From: Lars Schneider <larsxschneider@gmail.com>
To: Stefan Beller <sbeller@google.com>
Cc: "git@vger.kernel.org" <git@vger.kernel.org>,
"Junio C Hamano" <gitster@pobox.com>,
"Jakub Narębski" <jnareb@gmail.com>,
"Martin-Louis Bright" <mlbright@gmail.com>,
"Eric Wong" <e@80x24.org>, "Jeff King" <peff@peff.net>,
"Johannes Schindelin" <Johannes.Schindelin@gmx.de>,
ben@wijen.net
Subject: Re: [PATCH v5 14/15] convert: add filter.<driver>.process option
Date: Fri, 12 Aug 2016 18:59:18 +0200 [thread overview]
Message-ID: <509A907F-B1B5-4244-B1C7-F1190296208D@gmail.com> (raw)
In-Reply-To: <CAGZ79kboxgBRHSa2s7CKZ1Uo=13WT=rT8VHCNJNj_Q9jQzZAYw@mail.gmail.com>
> On 12 Aug 2016, at 18:33, Stefan Beller <sbeller@google.com> wrote:
>
> On Wed, Aug 10, 2016 at 6:04 AM, <larsxschneider@gmail.com> wrote:
>> From: Lars Schneider <larsxschneider@gmail.com>
>>
>> Git's clean/smudge mechanism invokes an external filter process for every
>> single blob that is affected by a filter. If Git filters a lot of blobs
>> then the startup time of the external filter processes can become a
>> significant part of the overall Git execution time.
>>
>> In a preliminary performance test this developer used a clean/smudge filter
>> written in golang to filter 12,000 files. This process took 364s with the
>> existing filter mechanism and 5s with the new mechanism. See details here:
>> https://github.com/github/git-lfs/pull/1382
>>
>> This patch adds the `filter.<driver>.process` string option which, if used,
>> keeps the external filter process running and processes all blobs with
>> the packet format (pkt-line) based protocol over standard input and standard
>> output described below.
>>
>> Git starts the filter when it encounters the first file
>> that needs to be cleaned or smudged. After the filter started
>> Git sends a welcome message, a list of supported protocol
>> version numbers, and a flush packet. Git expects to read the
>> welcome message and one protocol version number from the
>> previously sent list. Afterwards Git sends a list of supported
>> capabilities and a flush packet. Git expects to read a list of
>> desired capabilities, which must be a subset of the supported
>> capabilities list, and a flush packet as response:
>> ------------------------
>> packet: git> git-filter-client
>> packet: git> version=2
>> packet: git> version=42
>> packet: git> 0000
>> packet: git< git-filter-server
>> packet: git< version=2
>
> what follows is specific to version=2?
> version 42 may deem capabilities a bad idea?
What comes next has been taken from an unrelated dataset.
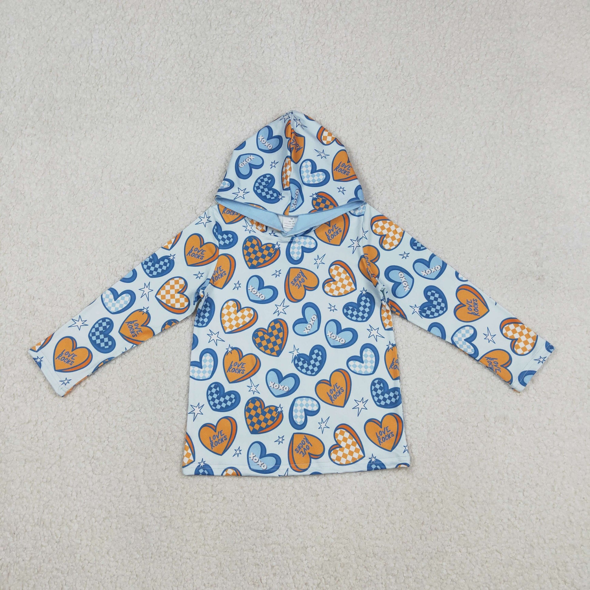 BT1509 Baby Boys Long Sleeve Blue Orange XOXO Hearts Valentines Hoodies Top

"version=42" is just an example to show how the initialization could look
like in a distant future when we support even another protocol version.
You are correct, what follows is specific to version=2. I will state
that more clearly in the documentation.
Can you try to rephrase "version 42 may deem capabilities a bad idea?"
I am not sure I understand what you mean.
>
>> packet: git> clean=true
>> packet: git> smudge=true
>> packet: git> not-yet-invented=true
>> packet: git> 0000
>> packet: git< clean=true
>> packet: git< smudge=true
>> packet: git< 0000
>> ------------------------
>> Supported filter capabilities in version 2 are "clean" and
>> "smudge".
>
> I assume version 2 is an example here and we actually start with v1?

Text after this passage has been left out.